LeBron James speaks out on police shooting
LeBron James speaks out on police shooting of Jacob Blake 01:24

LeBron James has condemned the police shooting of Jacob Blake in Kenosha, Wisconsin. The NBA superstar said in a post-game news conference Monday night that Black people in America are "scared."

After a Los Angeles Lakers' Game 4 victory over the Portland Trailblazers in the Western Conference playoffs, James was focused on the shooting of Blake on Monday.

"Quite frankly it's just f**ked up in our community," he said. "And I said it, I know people get tired of hearing me say it but we are scared as a Black people in America. Black men, Black women, Black kids, we are terrified."

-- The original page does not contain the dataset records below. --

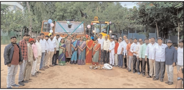
నూతన జెసిబి, జెడ్పింగ్ వాహనాలను ప్రారంభిస్తున్న చైర్మన్ చెవుల స్వప్న తదితరులు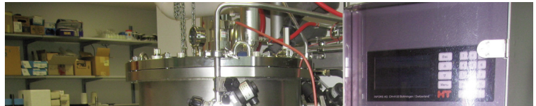
Production d'échantillon en grands volumes.

de technologies émergentes dans différentes disciplines en bio-médecine, tout en confortant les développements technologiques allant de la production d'échantillons à la détermination de structures 3D et l'intégration avec les données fonctionnelles.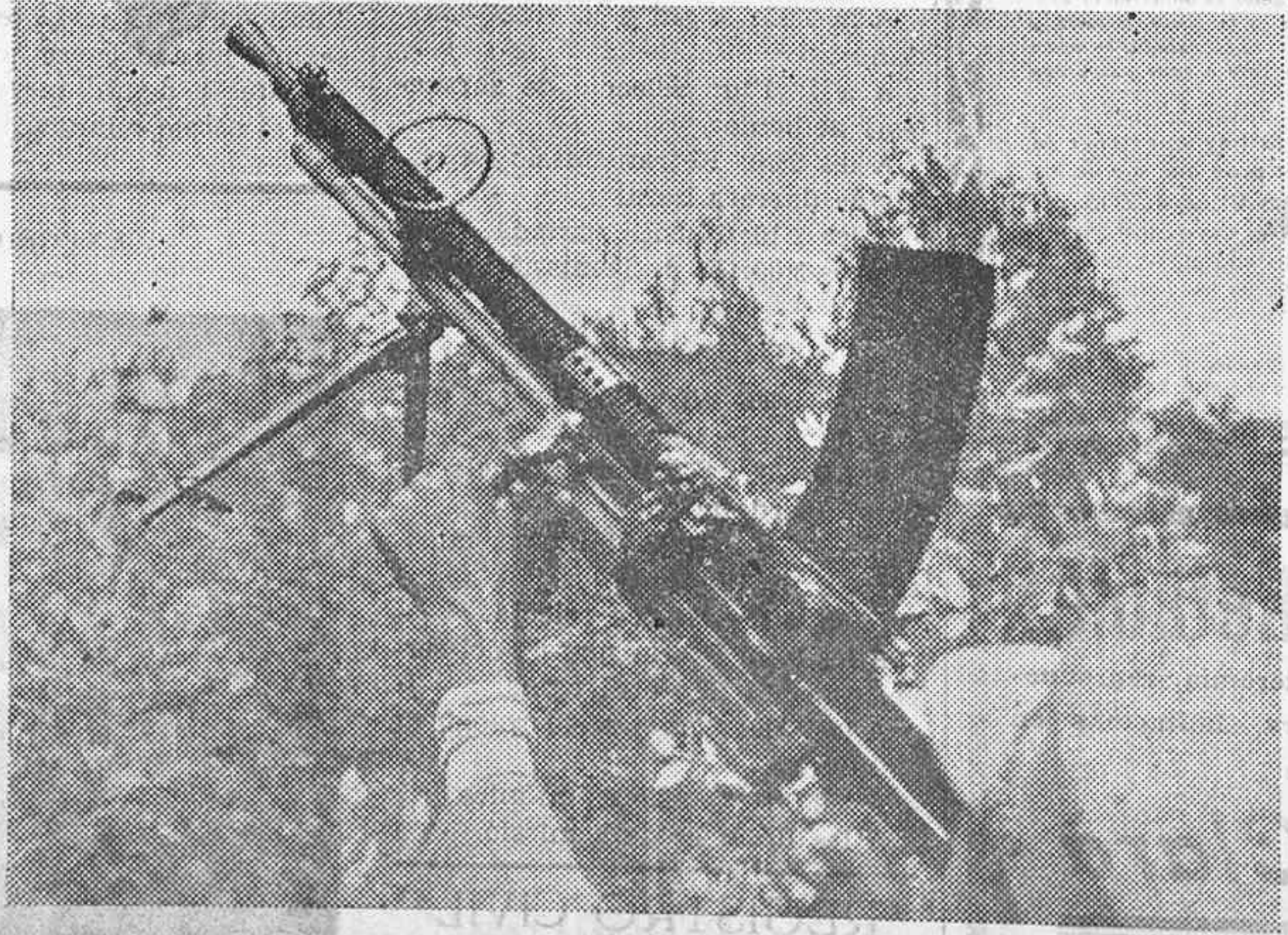
En las afueras de Addis-Abeba, capital de Abisinia, los soldados hacen los últimos ensayos con ametralladoras modernas antes de salir para el campo de batalla para hacer una gran resistencia a la invasión italiana. El ejército etíope practicándose con las ametralladoras, preparándose para una segunda batalla en Adora.

¡Lector Ja ets subscriptor de «LA CRUZ»?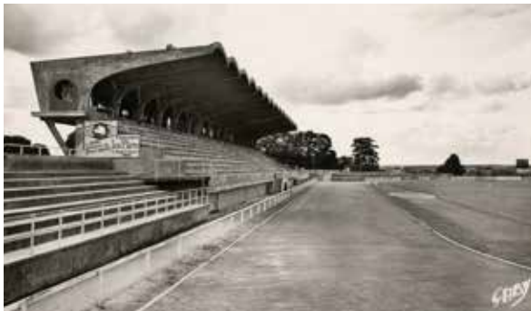
AM Niort_stade Espinassou

Rendez-vous au point accueil, place Denfert-Rochereau.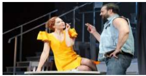
Šiaulių dramos teatre rieda „Geismų tramvajus“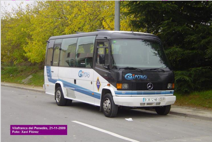
Vilafranca del Penedés, 21-11-2009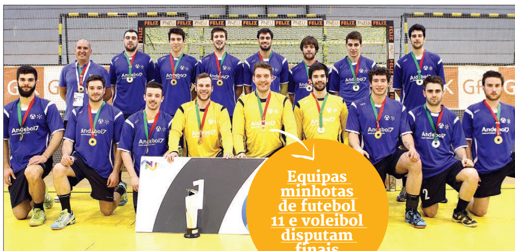
UMinho renovou título nacional de andebol masculino

A Associação Académica da Universidade do Minho terminou o dia de ontem dos campeonatos nacionais universitários com dois ouros e uma nova final garantida. Os campeões nacionais e mundiais universitários de andebol masculino voltaram a entrar em campo para uma final frente ao IPLeiria a quem venceram por 39-24.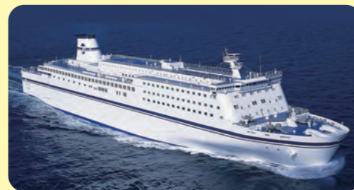
フェリー (人や乗り物を運ぶ)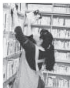
図書館学生ボランティアが活躍しています

Blake was shot several times in the back by a police officer as he opened the door of a parked vehicle in Kenosha, Wisconsin. Video of the shooting emerged on social media late Sunday, sparking angry protests for two nights in row. The family's attorney, Ben Crump, told CBS News that Blake's three children, ages 3 to 8, were in the car. According to Crump, Blake is in stable condition. 

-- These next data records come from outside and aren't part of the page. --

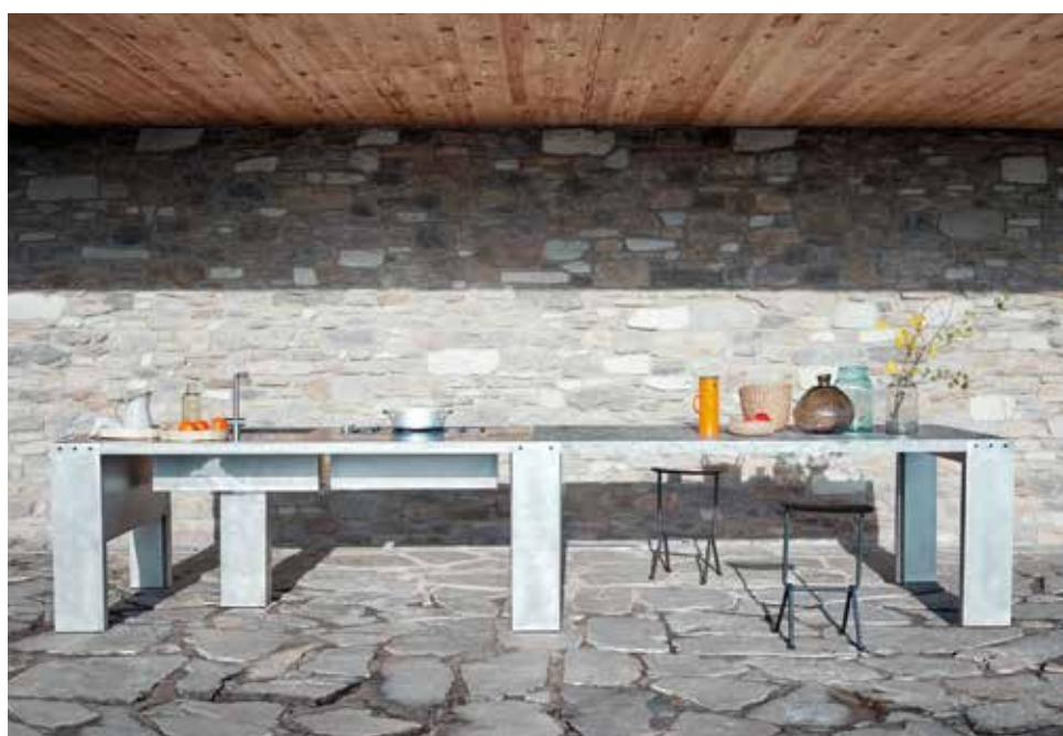
CESAR, Williamsburg Outdoor Kitchen - cesar.it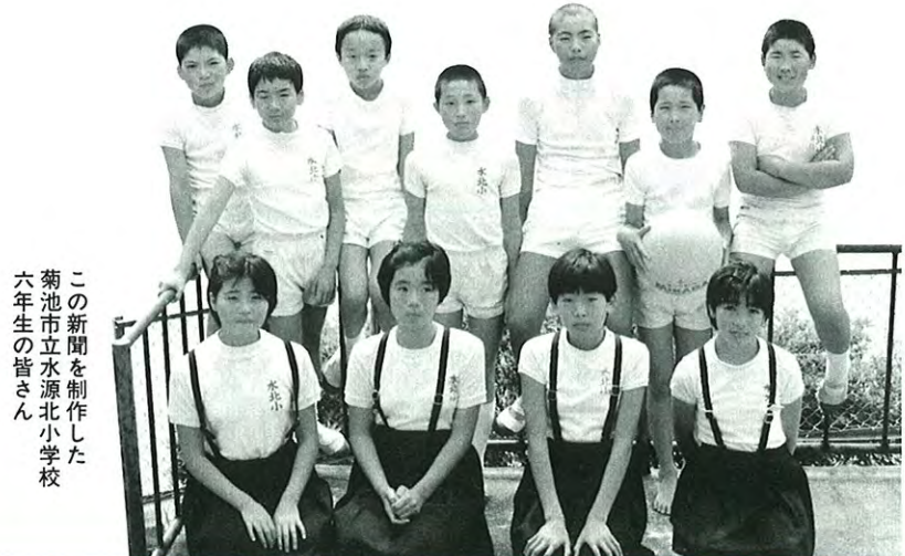
この新聞を制作した菊池市立水源北小学校六年生の皆さん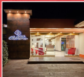
Hotel Club "Cusco" (Cusco)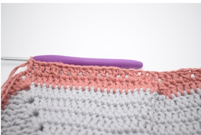
15."Spring 1 m over og hækl 1 stgm. Hækl 1 stgm i m der er blevet sprunget over. Hækl 1 stgm i næste m". Gentag "til" 6 gange.

James, who said he saw the video, criticized the police's handling of the incident, arguing that Blake did not need to be shot because there were other officers to help detain him. 

"There were multiple moments where if they wanted to, they could've tackled him. They could've grabbed him," James said. "They could've done that. Why does it always have to get to a point where we see the guns firing and his family is there and the kids are there."

He also questioned the mental state of the officer who shot Blake. 

"You have no idea how that cop that day left the house," he said. "You don't know if he woke up on the good side of the bed, you don't know if he woke up on the wrong side of the bed... or maybe he just left the house saying that, 'Today is going to be the end for one of these Black people.' That's what it feels like."

James has continuously advocated for Black people who have been injured or died because of police. He has repeatedly called for justice for Breonna Taylor, a 26-year-old EMT who was shot and killed when officers entered her apartment with a no-knock warrant during a drug investigation. No drugs were found, and Taylor's family has questioned the legitimacy of the warrant.